その生きづらさ、しんどさの中で詩に出会い、創作を通して友人や恋人ができていく。自分が没頭できることを知る。


型にはまるための努力をしないで本音で話せる人が現れたとき、自然にお互いに恋に落ちてパートナーができる。

ダルちゃんが詩で表現をしながら自分の「ほんとうの言葉」を得ていくにつれ、当初はぴったりと合っていたふたりの視線が少しずつずれていく。

どんどん自分を取り戻していく恋人を見てコンプレックスを直視することになる彼の苦悩も、恋人を失ってまで表現をするべきか揺れる彼女の苦悩も、とてもリアルだ。

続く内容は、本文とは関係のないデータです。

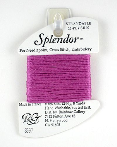 This is Splendor from Rainbow Gallery in color 0997 Orchid. A soft stranded silk from Rainbow Gallery. Use 6 strands on 13 mesh, 3 or 4 strands on 18 mesh.
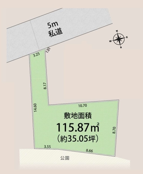 | 接道状況 | (北 5.0m 私道 間口3.3m ) |

恋人と離れ創作を選ぶダルちゃんを「自我がつよすぎる」「自分勝手だ」という意見をネット上で見かけることもあった。

それを見たとき、その意見こそが、「空気を読んで他人に合わせるべき」や「恋人がいた方がしあわせ」という型にはまってしまっている人の声なのかもしれないなと思った。


普通の人なんて
この世に一人もいないんだよ
ただの一人もいないんだよ

存在しないまぼろしを
幸福の鍵だなんて思ってはいけないよ

『ダルちゃん』より


普通でいないと生きられないから、誰かのためによろこばれるのはうれしいから、がんばって自分をつくっては自分を見失い、

自分の言葉を得て、夢中になって、表現をしたことで近くの人を傷つけてしまう。

それじゃあ、なにが、誰が自分を幸せにするのか。

その結末は、ぜひ作品を読んでみてほしい。わたしはこれ以上のハッピーエンドはないと思うし、とてもうれしかった。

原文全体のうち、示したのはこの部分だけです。